Everyone in the world knows the world is changing.

Even the monsters and the traditional evil forces.

No one knows what to do, and the old ways are dying.

The old way of life, alliances, and allegiances are dead.

The demi-lich in the Tomb of Horrors becomes a patron and asks for help expanding his looted and completely solved dungeon? Is the spaceship in the S3 Barrier Peaks module becoming a kingdom of robots? Playing the Isle of Dread, helping the natives fight off greedy adventurers, riding dinosaurs, and saving the island? Why not? The drow elves destroy the spider goddess and turn to the light? Are giants being hunted by alien spaceships, harvested for meat, and asking for help? A kingdom with a benevolent aboleth as king?

The world can slowly morph into that gonzo, grimdark, strange, almost alien setting - but the possibilities for screwing up the classic modules and showing 'how this madness started' almost seems like too much fun for me. The DCC book also plays on this 'twisted fairy tale' trope in its silly art, so there is precedent.

It also seems like a tearing up of the D&D mythos and a way for me to finally put it to bed in my mind and move on. The old D&D mythos and monster tropes hold us back and prevent our imaginations from taking flight. In that way, Goodman Games is right, saying the old ways limit our experiences and hold us back.

But for some of us, it is therapeutic to rip it all up to start again. Part of art involves willingly destroying something, from a blank canvas to breaking a crayon in half as a broader brush. Recasting the old monsters in new roles and tearing the myth of D&D's cosmology and tired monster ecosystem feels terrific. Yes, create new things. But let me tear down the past first.

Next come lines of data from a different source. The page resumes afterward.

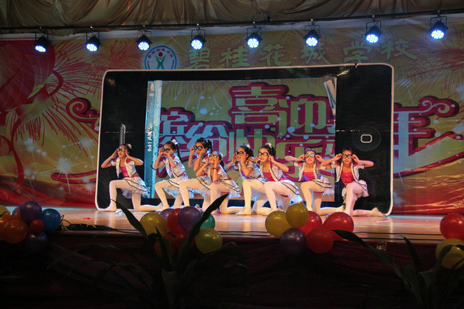 校舞蹈队的舞蹈更是一个比一个精彩,同学们的表演认真而纯真,节目的编排颇具匠心,道具的准备煞费苦心。无论是《诱惑》,还是《你是我的眼睛》,不再只是停留在动作整齐的层面上,而是每个舞蹈都有情节性,每个舞蹈都是无声的语言,通过肢体、表情、合作在向同学们讲故事,而效果又比讲故事更深入人心。《诱惑》反映生活实际,《吐气扬眉》改编童话,《你是我的眼睛》感人至深,同学们随着音乐的起伏时而报以热烈掌声,时而全场肃静,眼里闪烁着泪花。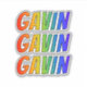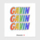 This exciting, multicolored, and vibrant sticker design features the common first name or given name "GAVIN", with the letters of the name featuring a colourful rainbow spectrum inspired gradient colouring pattern. It might be a fun gift to give to somebody whose first name is Gavin. [~Z0000361]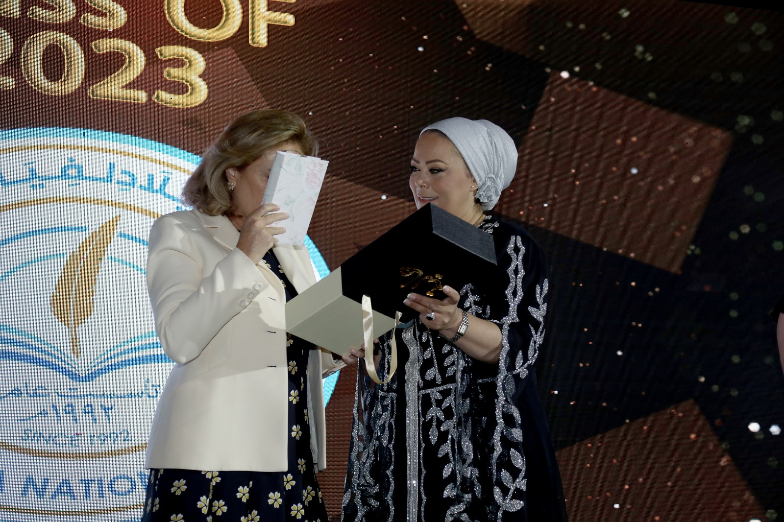 وتخلل الحفل العديد من الفقرات وفي نهاية الحفل وزعت سموها الجوائز على الطلبة المتفوقين من جميع التخصصات والشهادات على الخريجين.

And it does make me question OSR games endlessly replicating the past. I can almost recite the standardized B/X monster progression in my sleep like this was some 8-bit RPG I played on the Nintendo. Giant rats, goblins, orcs, gnolls, bugbears, etc., etc., dragons, demons, planar creatures...

It is 2023, and it is tired.

It may be time to destroy it all and start something new.